The KIS-2030 is based on instruments similar to those currently under political discussion - such as mandatory municipal heating planning or the minimum efficiency standards for buildings currently under discussion at EU level. The KIS-2030 also assumes a ban on new monovalent oil (from 2023) and gas boilers (from 2025), which goes beyond the current government drafts for the Building Energy Act.
Based on the scenario, it is recommended for the industrial sector to use subsidies for CO2-and -free technologies. Support programmes should be designed in such a way that they do not lead to negative environmental effects due to incorrectly set framework conditions or incentives.
344 pages, softcover,
ISBN 978-3-96238-199-8,
22,00 € (D).
Also available as an e-book.
Cities without growth - a vision hardly imaginable so far. But climate change,
waste of resources, growing social inequalities, and many other
Future threats are fundamentally calling into question the previous panacea of growth. How do we
we live together today and tomorrow? How do we design a good life for everyone in the city?
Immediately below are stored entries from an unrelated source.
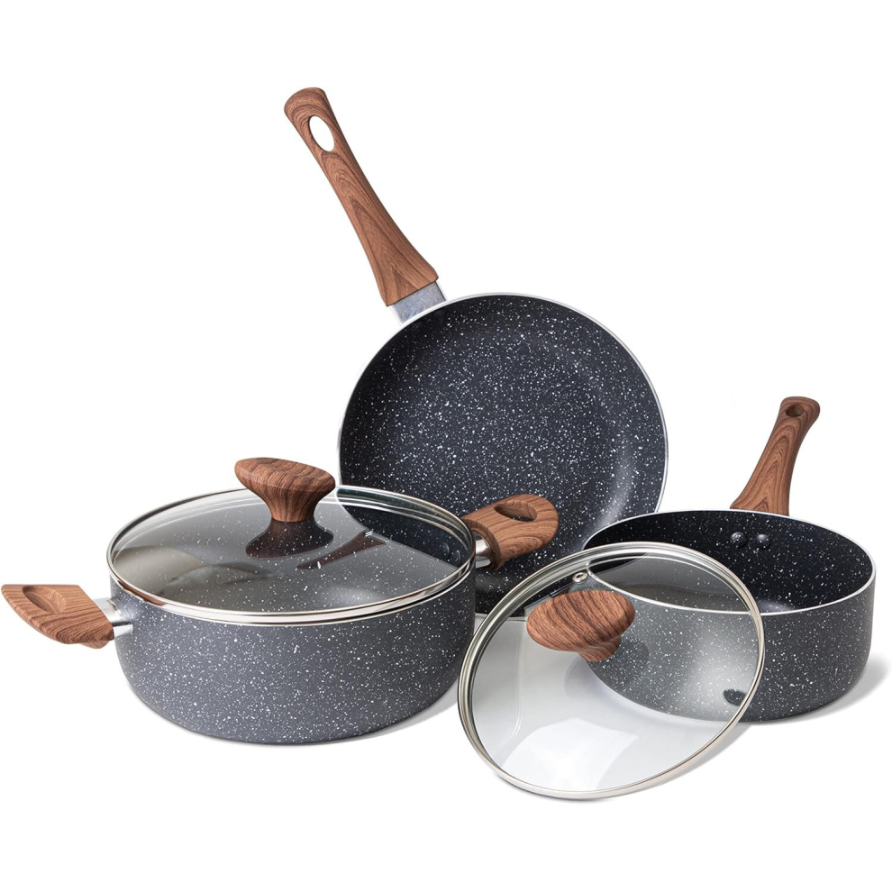 (5pcs, Marble) Non Stick Pots and Pans Set â Induction Hob Pots Set â 5pcs Kitchen Cookware with Lids â Cooking Cream Granite Saucepan Pots and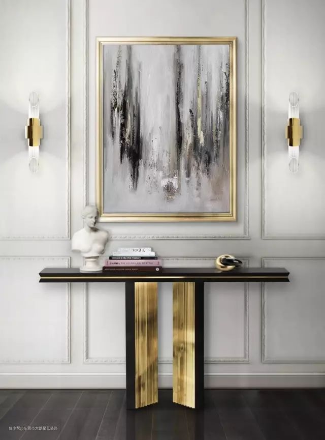 ▲ 进门处用冷色调人物挂画与黑金色玄关柜做搭配,为整个门厅渲染一种神秘、古典的氛围。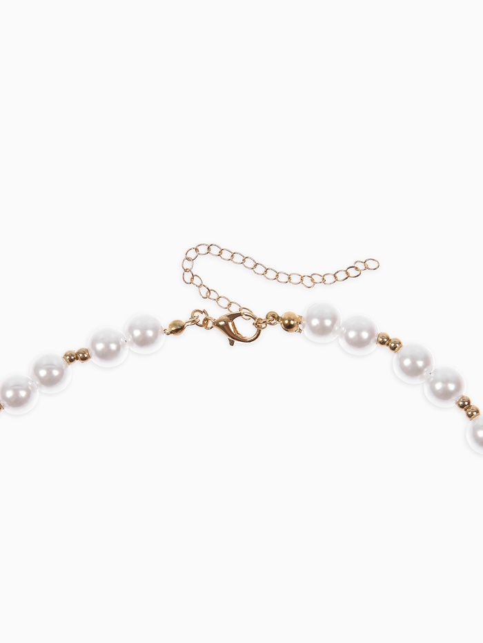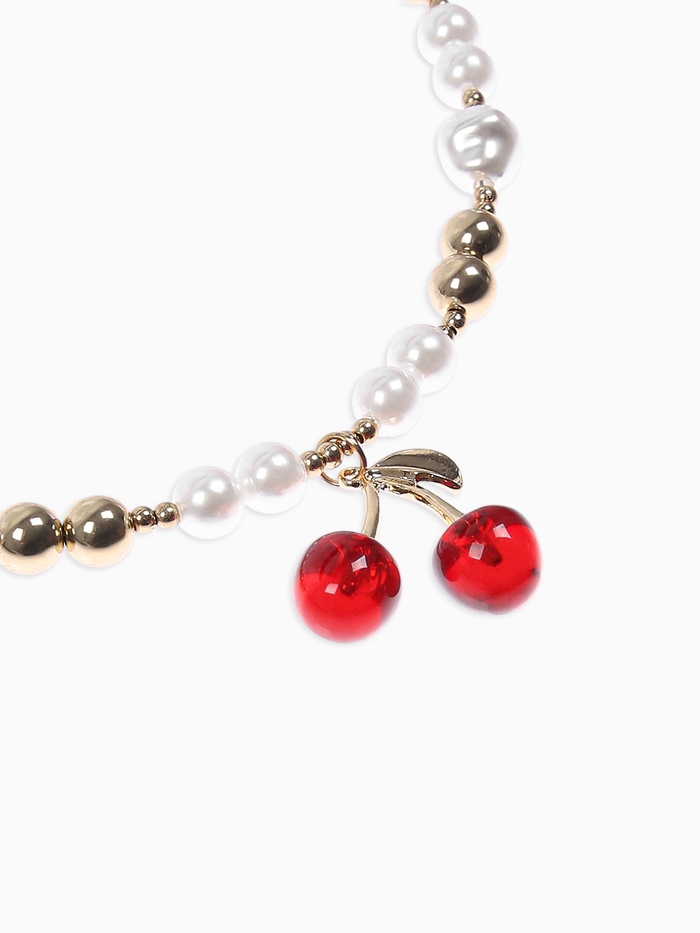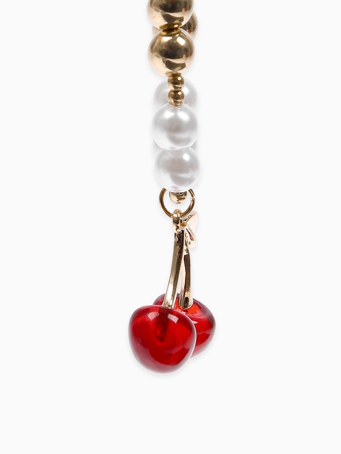 - Оттенок золота: Края металлических частей окрашены в тёплый золотистый цвет, выгодно подчёркивая переливы белых искусственных жемчужин и красных вишневых элементов.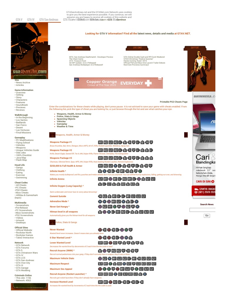Ron Apk: GTA San Andreas Cheats PS2 apk Update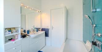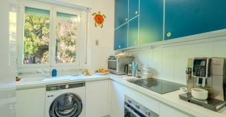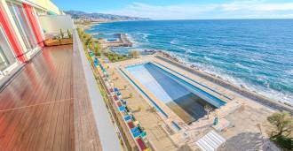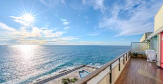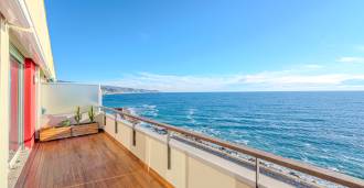 A penthouse with a spacious terrace of 143 m² (123 m² of living space + 20 m² garage) is offered directly on the seafront. This elegant penthouse, fully renovated in 2023, is located on the 5th floor of a building with a concierge. The apartment is south-east facing and features a large terrace, creating a bright and cozy atmosphere.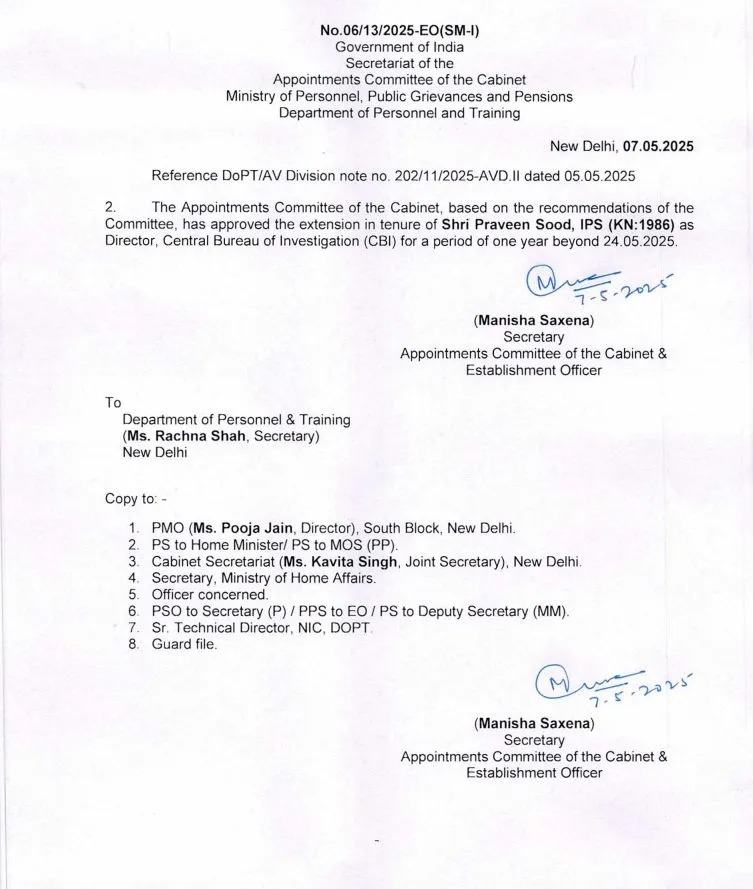 The Cabinet Appointment Committee has also issued an order regarding this. Earlier, a meeting of the Cabinet Appointment Committee was held under the leadership of PM Modi in which Rahul Gandhi and CJI participated. Praveen Sood Extension Letter

While in individual niches these questions are already being answered to some extent, there is a lack of
still lacking comprehensive designs and transformation approaches that would fundamentally
contour a different, solidary city. The project Post-Growth City dares to make this attempt.
In this book, conceptual and pragmatic aspects from different areas of
of urban policy are brought together, pointing out and linking new paths. The contributions
discuss urban growth crises, transformative planning, and conflicts over
design power. Last but not least, the question of the role of urban utopias will be revisited.
is being put forward. This is intended to initiate a long overdue debate on how necessary
urban turnarounds can be realized through a socio-ecological reorientation on the ground.